We observed an obvious discrepancy in the OBP level and OBP control rate according to different AOBP estimations. The alternative average OBP seemed to be more powerful in predicting both all-cause and cardiovascular mortalities than the average of the last two or mean of three readings.

摘要

背景

不同指南中评估诊室血压(OBP)的方法差异很大。

目的

我们进行了一项队列研究,比较了各种直接转移的 attended 自动化 OBP(AOBP)估计值与全因和心血管死亡率的相关性。

方法

总体而言,从中国上海市闵行区新庄镇医院的电子健康记录中提取了 35622 名年龄在 35 岁或以上的参与者的 475181 组 OBP。

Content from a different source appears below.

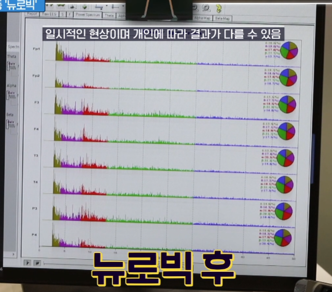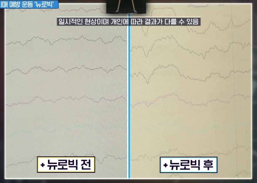 실제로 엄지의 제왕에서 참가자를 통해 뉴로빅 전후의 뇌파를 검사를 했는데, 확실히 뉴로빅 이후 뇌파 활동이 활발해진 것을 확인할 수 있었습니다.

每一组 OBP 都包含三个连续的直接转移到电子健康记录的 AOBP。计算了三组 OBP 的平均值、最后两组 OBP 的平均值和替代平均 OBP。

结果

第一个 OBP 和平均 OBP 之间的差异随日历月份而变化,12 月最高(5.3/2.1mmHg),7 月最低(3.8/2.0mmHg)。80 岁以上的老年人根据第一个 OBP 或平均 OBP 显示出最大的血压控制率差异(12.1%)。在 3.9 年的随访期间,有 1055 人死亡。替代平均 SBP 与全因(危险比:1.07,95%置信区间(CI):1.04-1.11)和心血管(危险比:1.17,95%CI:1.11-1.23)死亡率均相关。未控制的替代平均 OBP 与全因(危险比:1.24,95%CI:1.09-1.40)和心血管(危险比:1.53,95%CI:1.25-1.86)死亡率的风险增加仍显著相关,但与最后两个或三个读数的平均值无关。

结论

我们观察到根据不同的 AOBP 估计值,OBP 水平和 OBP 控制率存在明显差异。替代平均 OBP 似乎比最后两个或三个读数的平均值更能预测全因和心血管死亡率。